*** Opening of Exercise data ***

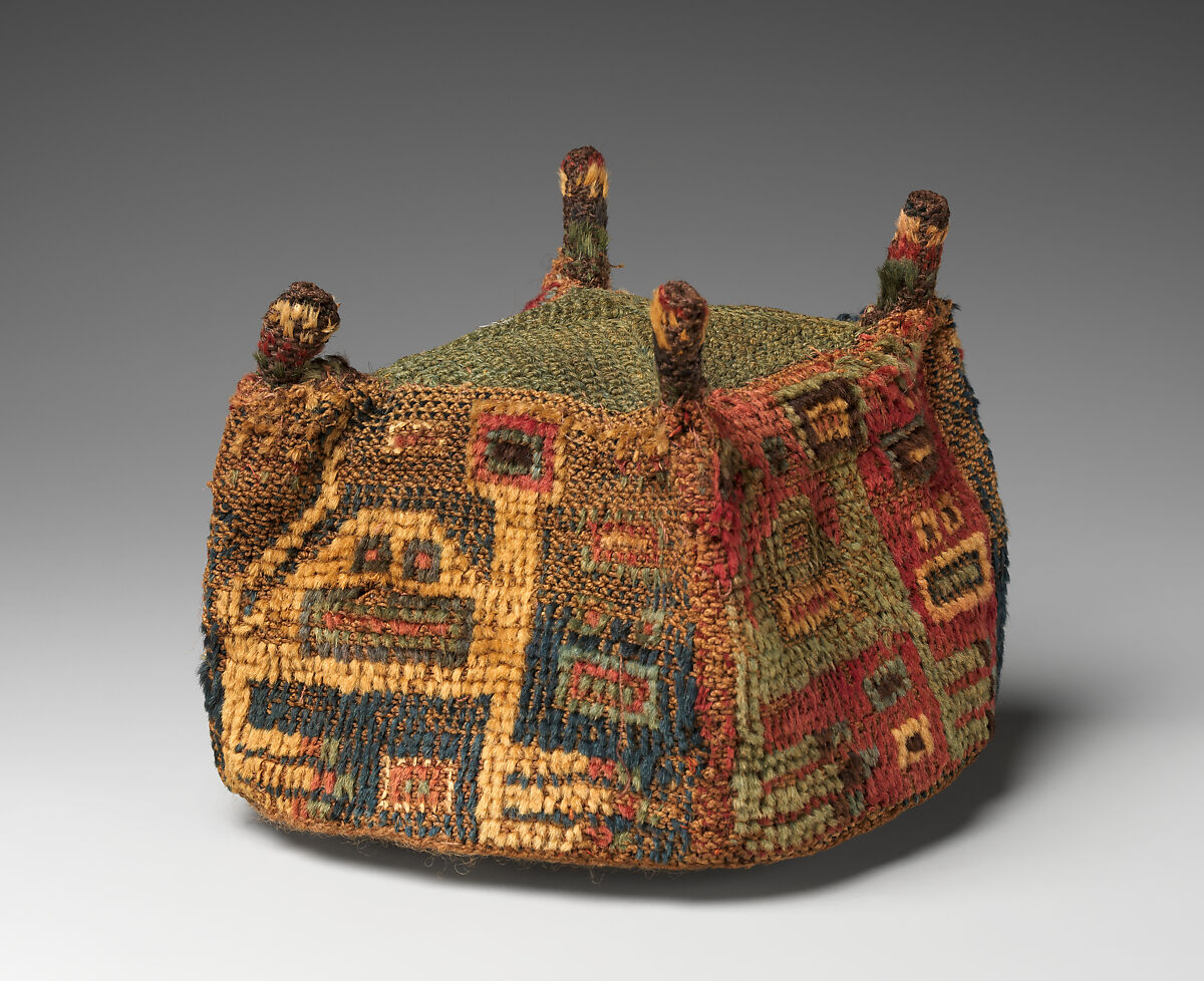 Finely woven, brightly colored hats, customarily featuring a square crown, four sides, and four pointed tips, are most frequently associated with two ancient cultures of the Andes: the Wari and the Tiwanaku. The Wari Empire dominated the south-central highlands and the west coastal regions of what is now Peru from 500–1000 A.D. The Tiwanaku occupied the altiplano (high plain) directly south of Wari-populated areas around the same time, including territory now part of the modern country of Bolivia. The cultures not only developed and flourished as contemporaries, but also occupied adjacent lands for nearly four centuries. A Wari ceremonial center called Cerro Baúl was located a mere five miles from Tiwanaku-settled fields in the Moquegua Valley of Peru. The two cultures likely encountered each other at Cerro Baúl and elsewhere, but the nature of these interactions remains largely unknown.
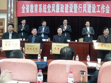 3月12日,全省教育系统党风廉政建设暨行风建设工作会议在西安召开,教育工委书记李仲为、教育厅厅长李兴旺、教育纪工委书记郝利生在会上讲话并为2012年度全省教育系统纪检监察先进集体和先进个人颁发奖牌。陕铁院荣获“2012年度全省教育系统纪检监察工作先进集体”荣誉称号。 学院党委书记王晖,党委副书记、纪委书记杨云峰等一行三人出席了会议。(张玉卓) 杨云峰(左二)代表学院上台领奖
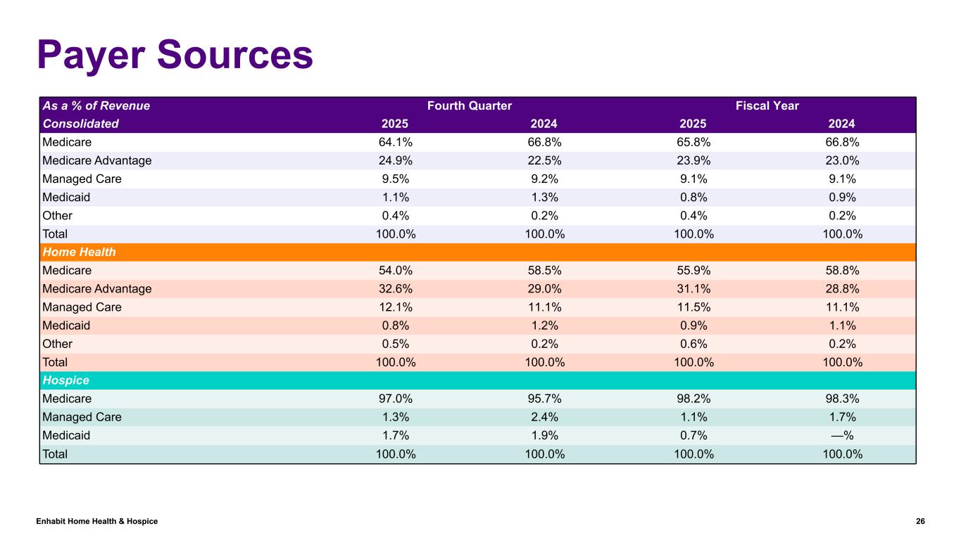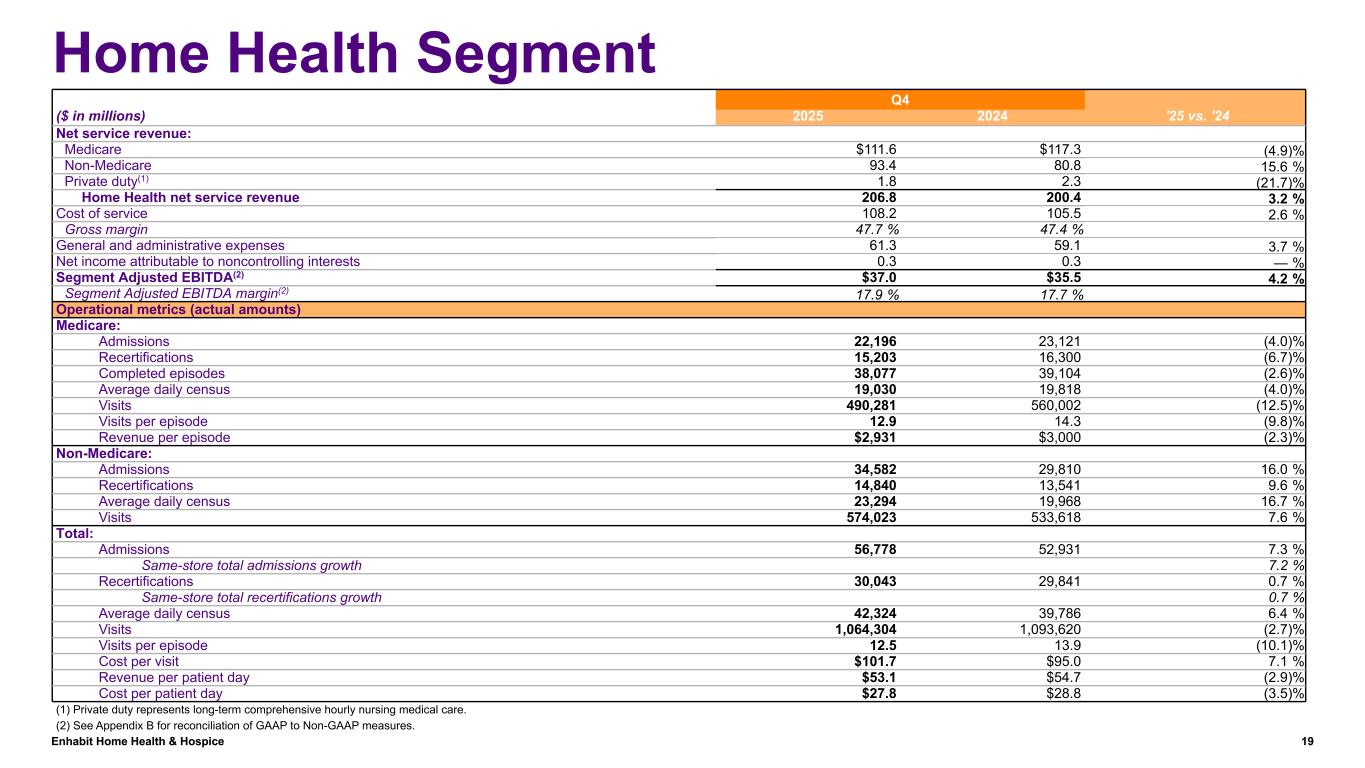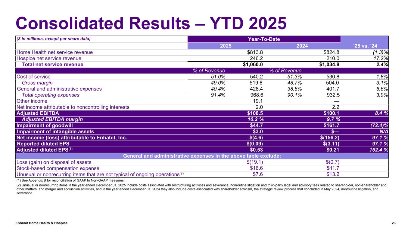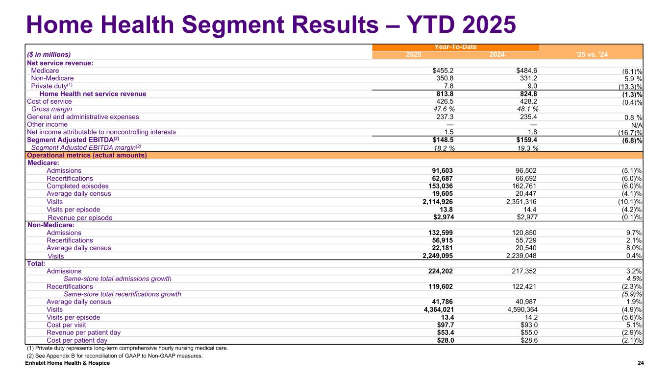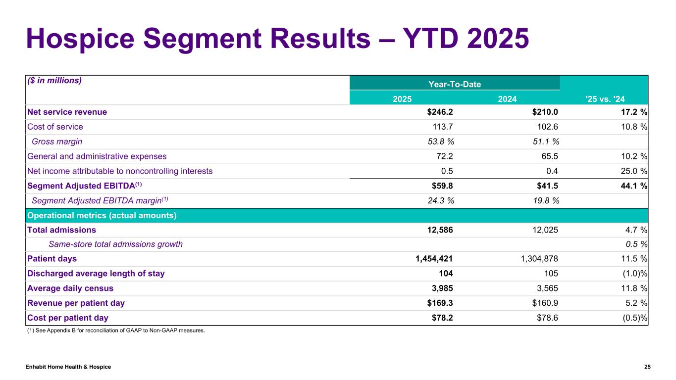 Enhabit Home Health & Hospice 24 Home Health Segment Results – YTD 2025 ($ in millions) Year-To-Date '25 vs. '242025 2024 Net service revenue: Medicare $455.2 $484.6 (6.1) % Non-Medicare 350.8 331.2 5.9 % Private duty(1) 7.8 9.0 (13.3) % Home Health net service revenue 813.8 824.8 (1.3) % Cost of service 426.5 428.2 (0.4) % Gross margin 47.6 % 48.1 % General and administrative expenses 237.3 235.4 0.8 % Other income — — N/A Net income attributable to noncontrolling interests 1.5 1.8 (16.7) % Segment Adjusted EBITDA(2) $148.5 $159.4 (6.8) % Segment Adjusted EBITDA margin(2) 18.2 % 19.3 % Operational metrics (actual amounts) Medicare: Admissions 91,603 96,502 (5.1) % Recertifications 62,687 66,692 (6.0) % Completed episodes 153,036 162,761 (6.0) % Average daily census 19,605 20,447 (4.1) % Visits 2,114,926 2,351,316 (10.1) % Visits per episode 13.8 14.4 (4.2) % Revenue per episode $2,974 $2,977 (0.1) % Non-Medicare: Admissions 132,599 120,850 9.7 % Recertifications 56,915 55,729 2.1 % Average daily census 22,181 20,540 8.0 % Visits 2,249,095 2,239,048 0.4 % Total: Admissions 224,202 217,352 3.2 % Same-store total admissions growth 4.5 % Recertifications 119,602 122,421 (2.3) % Same-store total recertifications growth (5.9) % Average daily census 41,786 40,987 1.9 % Visits 4,364,021 4,590,364 (4.9) % Visits per episode 13.4 14.2 (5.6) % Cost per visit $97.7 $93.0 5.1 % Revenue per patient day $53.4 $55.0 (2.9) % Cost per patient day $28.0 $28.6 (2.1) % (1) Private duty represents long-term comprehensive hourly nursing medical care. (2) See Appendix B for reconciliation of GAAP to Non-GAAP measures.

*** Close of Exercise data ***

▶ **Task requirements**
Leaving the pictures out, output all of the listing exactly.

▶ **Answer to this exercise**
 Finely woven, brightly colored hats, customarily featuring a square crown, four sides, and four pointed tips, are most frequently associated with two ancient cultures of the Andes: the Wari and the Tiwanaku. The Wari Empire dominated the south-central highlands and the west coastal regions of what is now Peru from 500–1000 A.D. The Tiwanaku occupied the altiplano (high plain) directly south of Wari-populated areas around the same time, including territory now part of the modern country of Bolivia. The cultures not only developed and flourished as contemporaries, but also occupied adjacent lands for nearly four centuries. A Wari ceremonial center called Cerro Baúl was located a mere five miles from Tiwanaku-settled fields in the Moquegua Valley of Peru. The two cultures likely encountered each other at Cerro Baúl and elsewhere, but the nature of these interactions remains largely unknown.
 3月12日,全省教育系统党风廉政建设暨行风建设工作会议在西安召开,教育工委书记李仲为、教育厅厅长李兴旺、教育纪工委书记郝利生在会上讲话并为2012年度全省教育系统纪检监察先进集体和先进个人颁发奖牌。陕铁院荣获“2012年度全省教育系统纪检监察工作先进集体”荣誉称号。 学院党委书记王晖,党委副书记、纪委书记杨云峰等一行三人出席了会议。(张玉卓) 杨云峰(左二)代表学院上台领奖
 Enhabit Home Health & Hospice 24 Home Health Segment Results – YTD 2025 ($ in millions) Year-To-Date '25 vs. '242025 2024 Net service revenue: Medicare $455.2 $484.6 (6.1) % Non-Medicare 350.8 331.2 5.9 % Private duty(1) 7.8 9.0 (13.3) % Home Health net service revenue 813.8 824.8 (1.3) % Cost of service 426.5 428.2 (0.4) % Gross margin 47.6 % 48.1 % General and administrative expenses 237.3 235.4 0.8 % Other income — — N/A Net income attributable to noncontrolling interests 1.5 1.8 (16.7) % Segment Adjusted EBITDA(2) $148.5 $159.4 (6.8) % Segment Adjusted EBITDA margin(2) 18.2 % 19.3 % Operational metrics (actual amounts) Medicare: Admissions 91,603 96,502 (5.1) % Recertifications 62,687 66,692 (6.0) % Completed episodes 153,036 162,761 (6.0) % Average daily census 19,605 20,447 (4.1) % Visits 2,114,926 2,351,316 (10.1) % Visits per episode 13.8 14.4 (4.2) % Revenue per episode $2,974 $2,977 (0.1) % Non-Medicare: Admissions 132,599 120,850 9.7 % Recertifications 56,915 55,729 2.1 % Average daily census 22,181 20,540 8.0 % Visits 2,249,095 2,239,048 0.4 % Total: Admissions 224,202 217,352 3.2 % Same-store total admissions growth 4.5 % Recertifications 119,602 122,421 (2.3) % Same-store total recertifications growth (5.9) % Average daily census 41,786 40,987 1.9 % Visits 4,364,021 4,590,364 (4.9) % Visits per episode 13.4 14.2 (5.6) % Cost per visit $97.7 $93.0 5.1 % Revenue per patient day $53.4 $55.0 (2.9) % Cost per patient day $28.0 $28.6 (2.1) % (1) Private duty represents long-term comprehensive hourly nursing medical care. (2) See Appendix B for reconciliation of GAAP to Non-GAAP measures.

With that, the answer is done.